▶ _What the exercise asks_:
From the first line of the records below, transcribe each line exactly up to and including the one with "Concrete reinforcing stockpiles"; pictures stay out.

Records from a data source

• • • • • • •

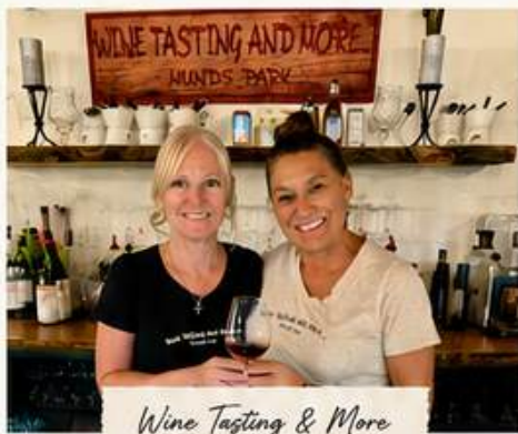
Wine Tasting & More
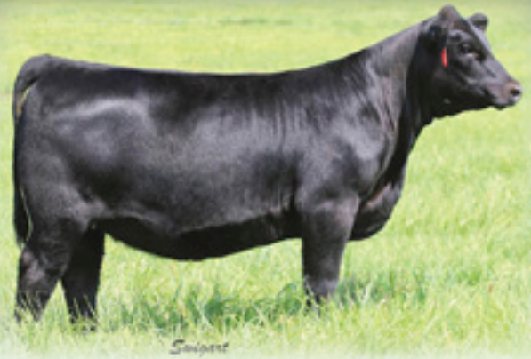
PASTURE VIEW LADY S702 - Lot 61

• Bred to calve March 4, 2020 to SAV TURBOCHARGER 6882. Exposed to SAV RAINSTORM 8223 from May 26, 2019 to July 2, 2019.
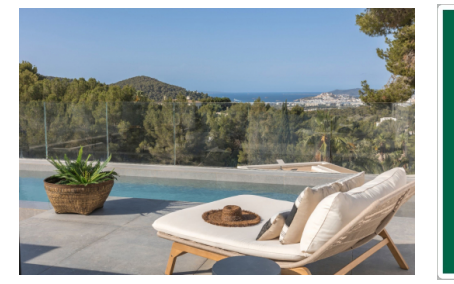
Can Furnet search for property IBI-070012
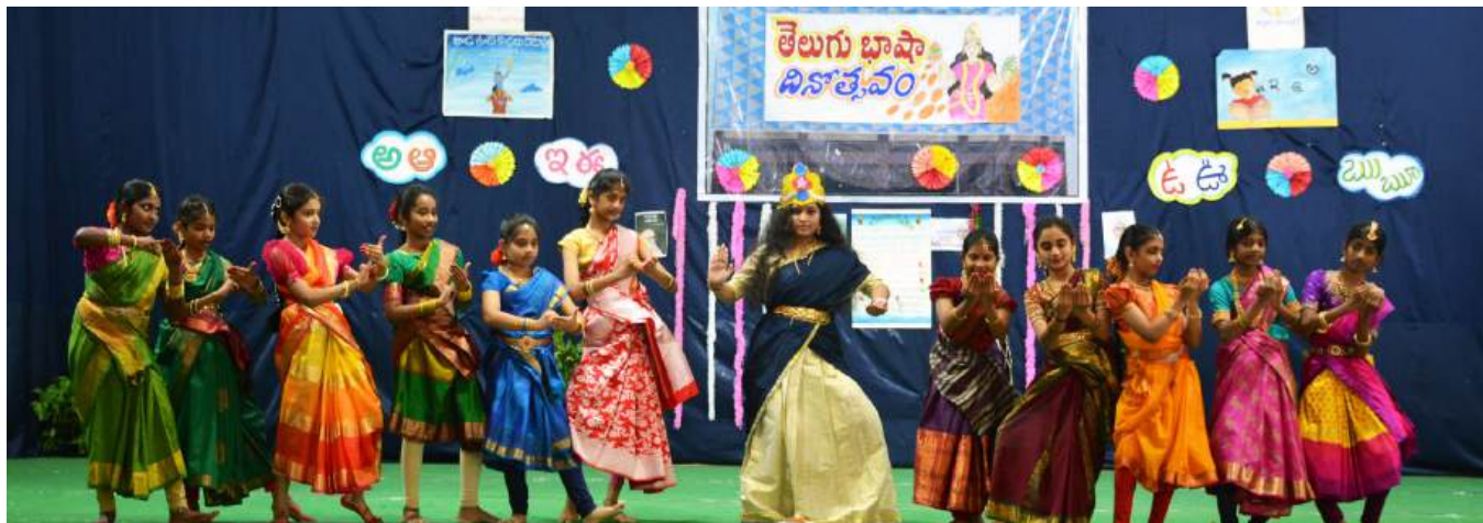
Skit – Telugu Talli Aavedana
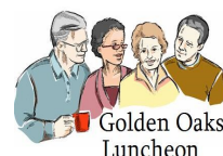
Golden Oaks Luncheon

Oak Grove Preschool & Kindergarten has PreK Openings. Call today for a tour #410-2251.
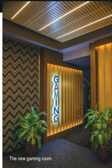
The new gaming room.
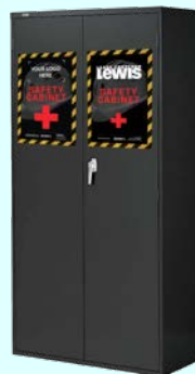
Standard option 72" x 36" x 18"
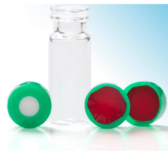
11 mm Snap Cap
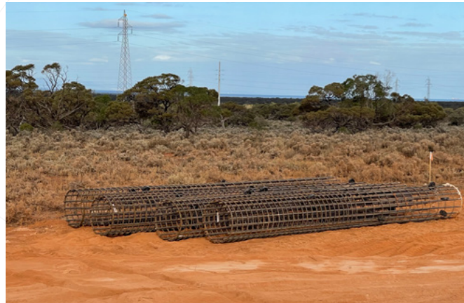
Concrete reinforcing stockpiles in the laydown yard
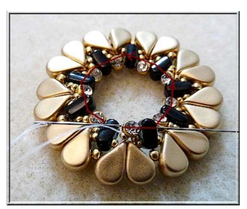
6) Exit from MR (top hole) and pass through IOS (top hole). Repeat until you complete the row. This pulls the beads together nicely.

• • • • • • •

▶ _Response area_:
Wine Tasting & More
PASTURE VIEW LADY S702 - Lot 61

• Bred to calve March 4, 2020 to SAV TURBOCHARGER 6882. Exposed to SAV RAINSTORM 8223 from May 26, 2019 to July 2, 2019.
Can Furnet search for property IBI-070012
Skit – Telugu Talli Aavedana
Golden Oaks Luncheon

Oak Grove Preschool & Kindergarten has PreK Openings. Call today for a tour #410-2251.
The new gaming room.
Standard option 72" x 36" x 18"
11 mm Snap Cap
Concrete reinforcing stockpiles in the laydown yard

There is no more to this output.